The purpose of the AWS Global Accelerator is to reduce the network latency between your end-users and your applications.

AWS Transit Gateway

Managing multiple connections between VPCs and on-premises networks can quickly become complex. With this service, you’ll be able to connect thousands of VPCs and on-premises networks using a single Gateway.

For Instance, your organization may have several business departments: Marketing, Development, Sales, HR, etc, each requiring its own VPC. While you could establish VPC Peering connections between them, the outcome would be a highly complex, intricate web of VPC Peering connections, especially as your company grows.

Instead of maintaining separate connections for each VPC, you can centralize them all in a central hub called AWS Transit Gateway.

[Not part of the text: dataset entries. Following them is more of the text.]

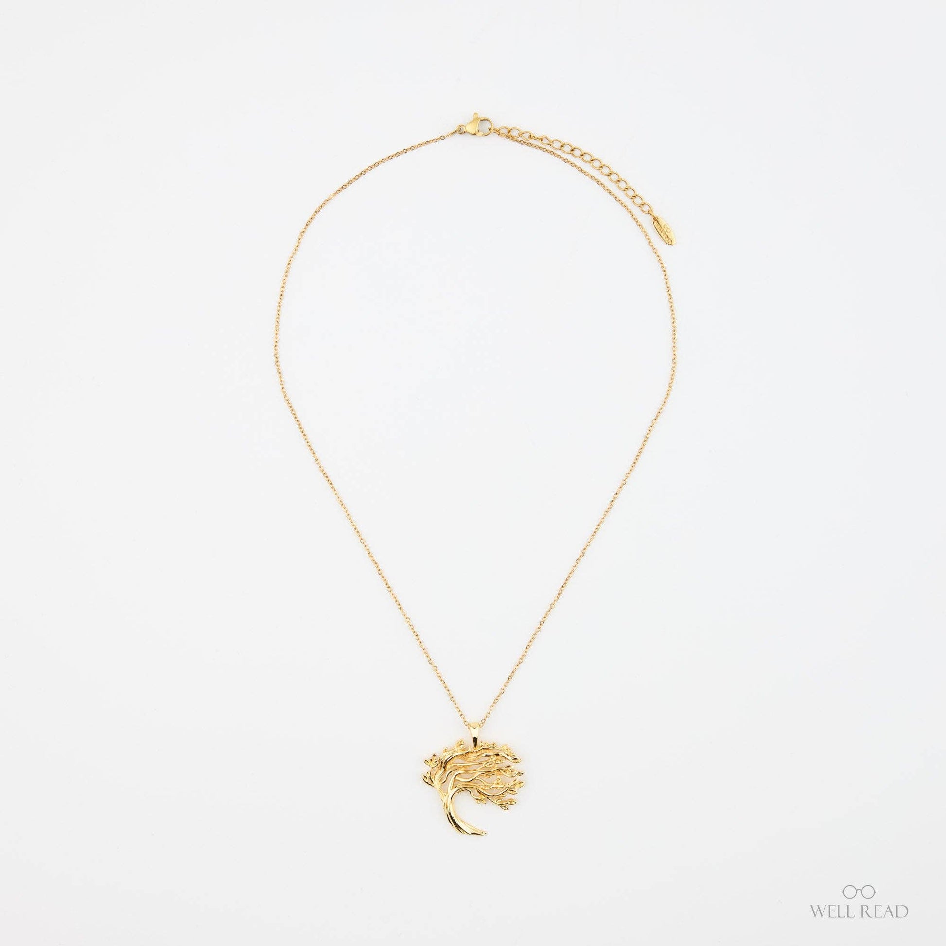 The pendant showcases intricate details, from the flowing branches that bend gracefully to the sturdy trunk, all while maintaining a luxurious golden sheen. Suspended from a delicate yet sturdy chain, this piece strikes a perfect balance between literary allure and modern elegance, making it the ideal companion to our "Wuthering Heights" book crossbody bag.
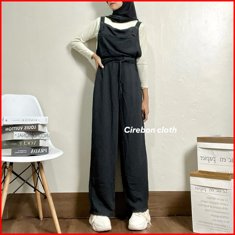 Kiyana Cirebon Cloth - Velia Overall Jumsuit Korean Long Jumpsuit Pakaian Wanita Tanpa Lengan Jumsuit Wanita Baju Kodok
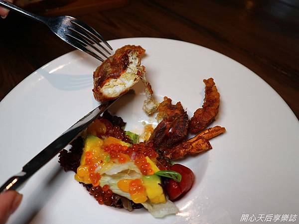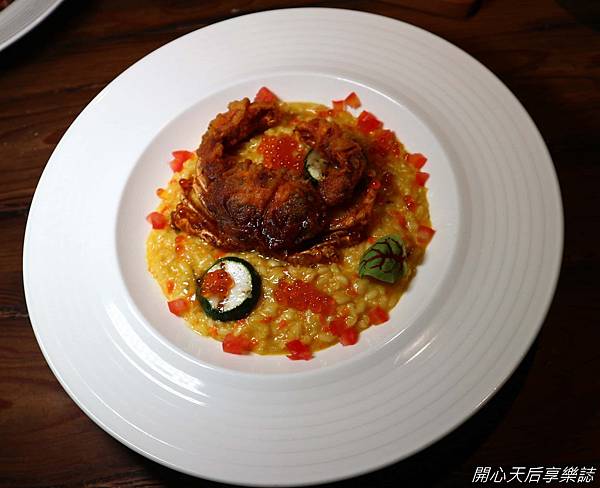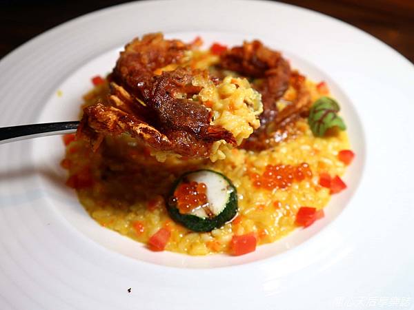以蟹黃、奶油為基底的燉飯並含有整隻現炸的軟殼蟹、櫛瓜、鮭魚卵、紅酸膜葉,創意十足!
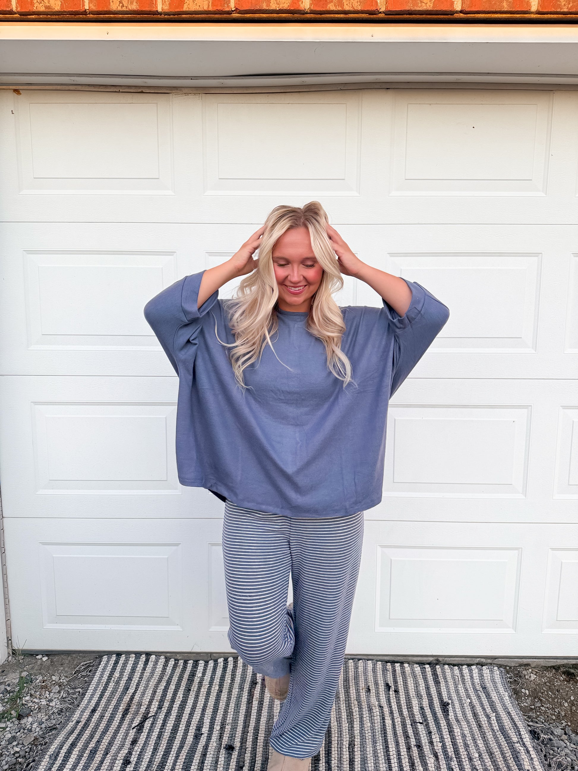 This top features a relaxed batwing silhouette with 3/4 sleeves and a round neckline for easy, oversized comfort. Made from soft brushed knit, it feels cozy and lightweight. Distinctive center back and back yoke seams add subtle structure and crafted detail. Pair with jeans for brunch or layer under a jacket for cool evenings.
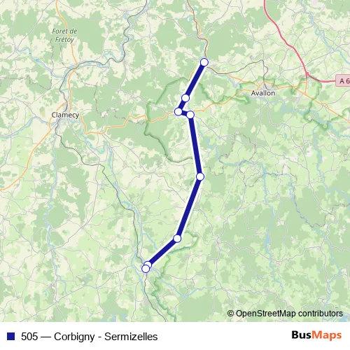 Bus 505 - Corbigny - Sermizelles in Vezelay: Stops & Timetable
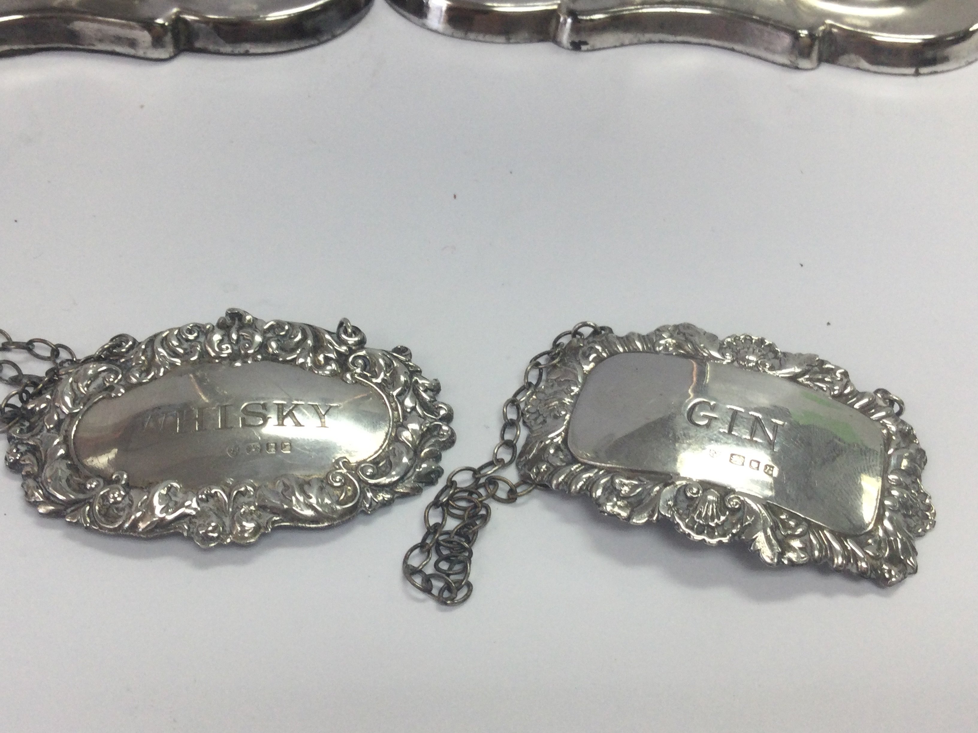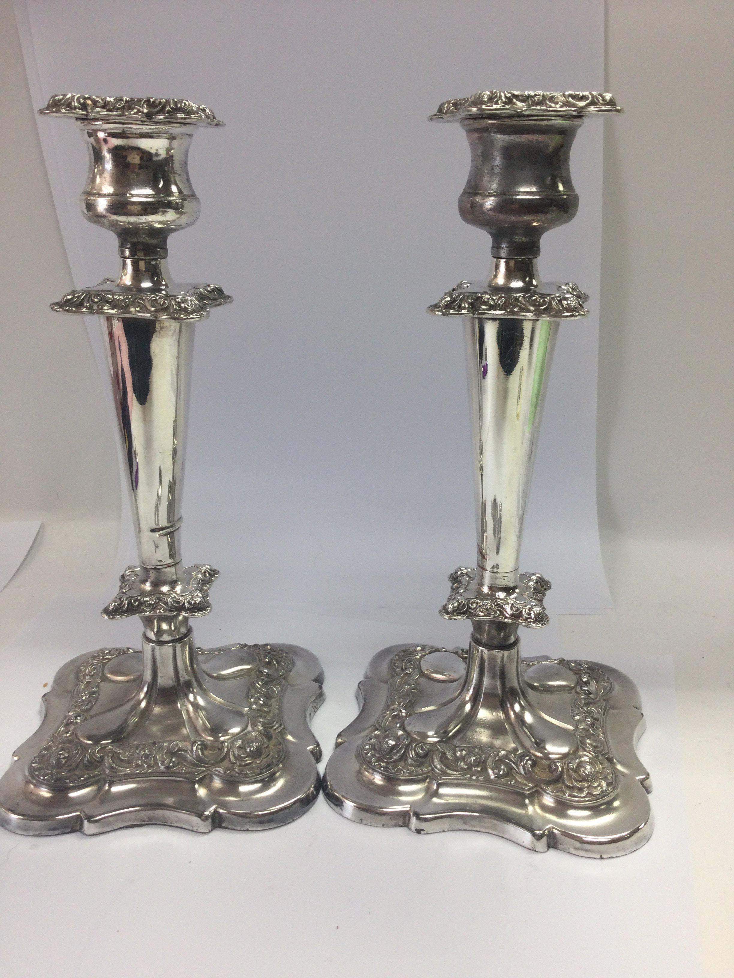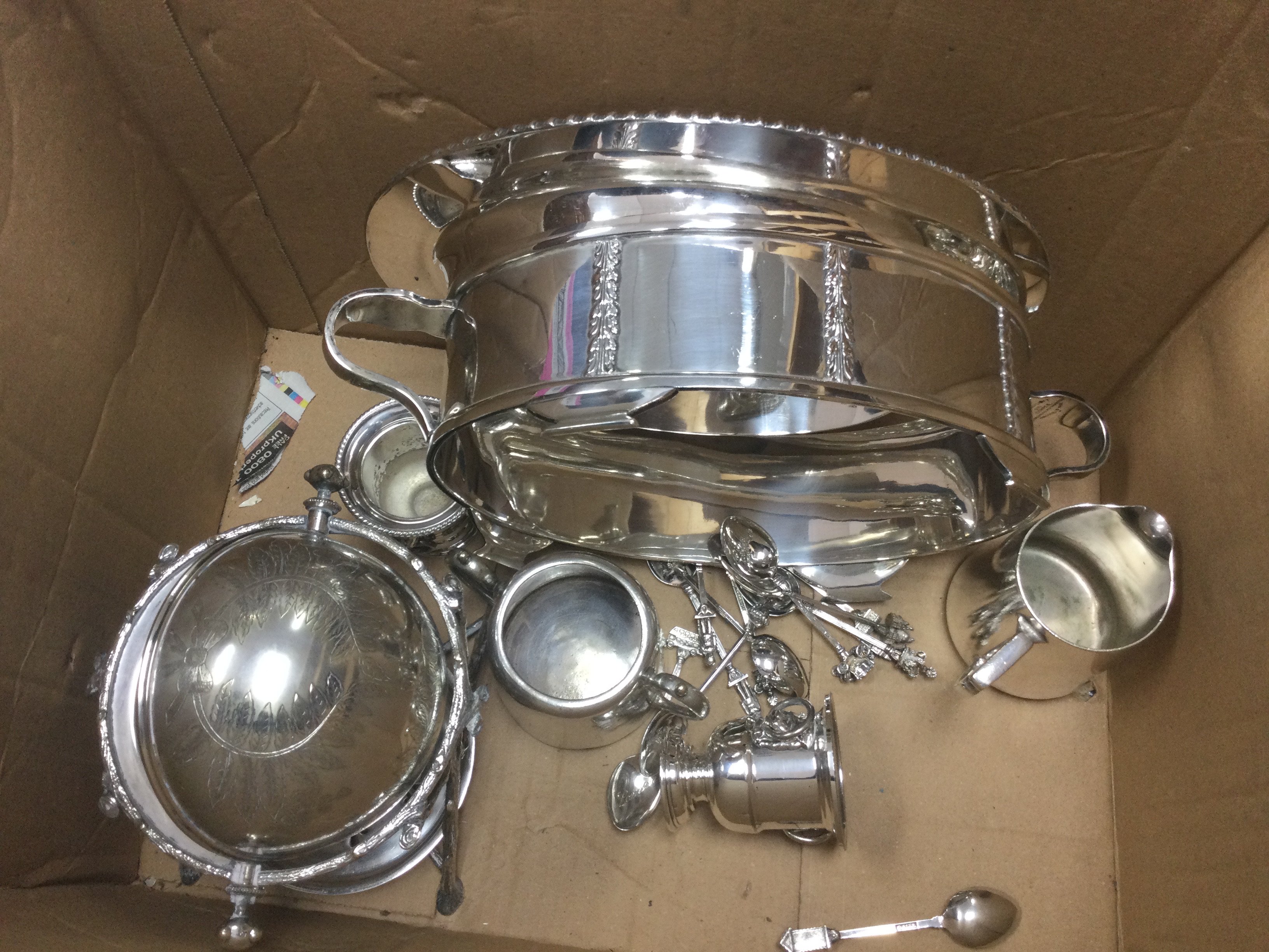 A box of silver plated ware including a pair of candle sticks and two silver wine labels.
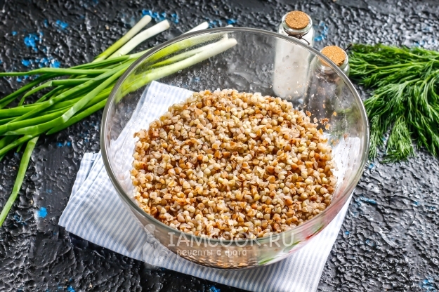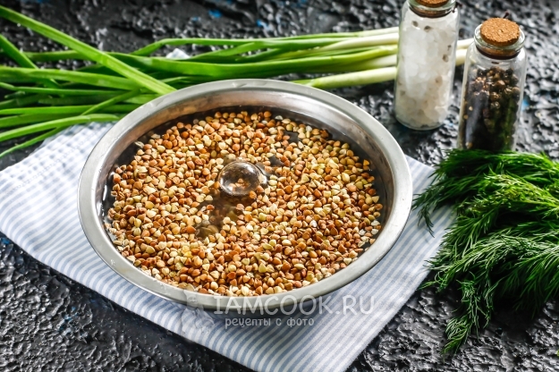 Гречневую крупу переберите, удаляя черные зернышки. Всыпьте в глубокую миску и залейте холодной водой, промойте несколько раз, воду слейте.
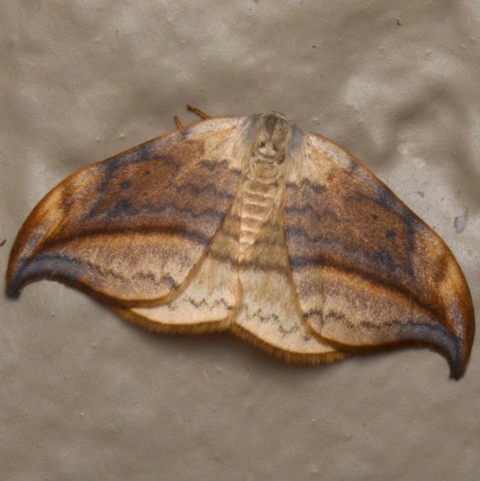 Arched Hooktip (Drepana arcuata ) – 1.5″. Yellow-brown with strong median line and multiple other wavy lines. Strongly “hooked” wings. (photo © Mike Patterson )
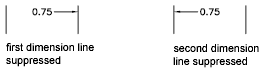 - Suppress the dimension line or, if the dimension line is broken by text, one or both halves
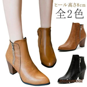 ショートブーツ アンクルブーツ ハイヒール レディース ブーティ 太ヒール サイドファ
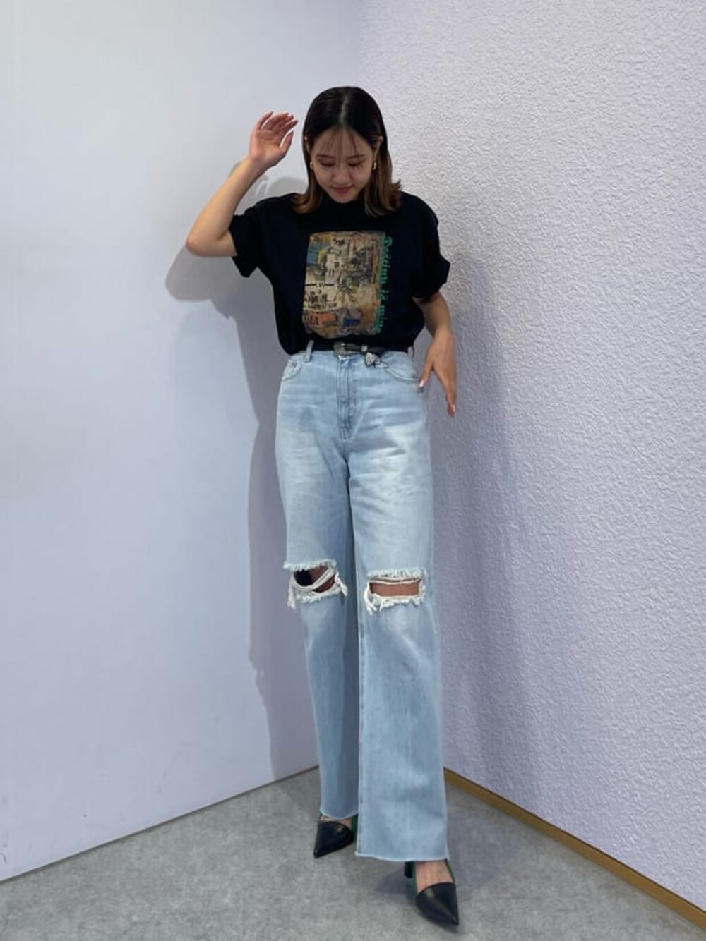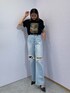 【20代後半が着るカジュアルコーデ♡】 【トップス】 フロントにヴィンテージ感のあるプリントが施されたBIGTシャツ!!164cmの私でもヒップが隠れるくらいの長さです!デニムと合わせてカジュアル感強めに着るのも可愛い♡ 【デニム】 大胆なクラッシュがトレンド感のあるワイドデニム! 膝下からさりげなくセンターラインがあるのでクラッシュから下が長く見えスタイルアップ◎ 164cmでSサイズでスニーカー合わせで着用できます! 【シューズ】 24.5cmでLサイズ着用です。

This way, when data moves from one VPC to another, it goes through the Transit Gateway, simplifying your network architecture.

In essence, AWS Transit Gateway functions as central hub for your data traffic.

AWS Route53

DNS is the guy responsible for translating a domain name into its corresponding IP address.

Let’s say for example that when you type www.google.com into your browser’s address bar, an internal resolution process occurs to retrieve the IP address 142.250.189.206. Only then, your browser sends a request to this IP address to retrieve the information you asked for.

You can use AWS Route 53 to register domain names an manage DNS records for domain names, but you can do more. For example, you can direct traffic based on different route policies such as: latency-based routing, geolocation DNS, geoproximity and weighted round robin.

AWS CloudFront

It’s a CDN service that relies on Edge Locations to cache and get your content (web pages, images, video, etc) closer to where your customers are physically located.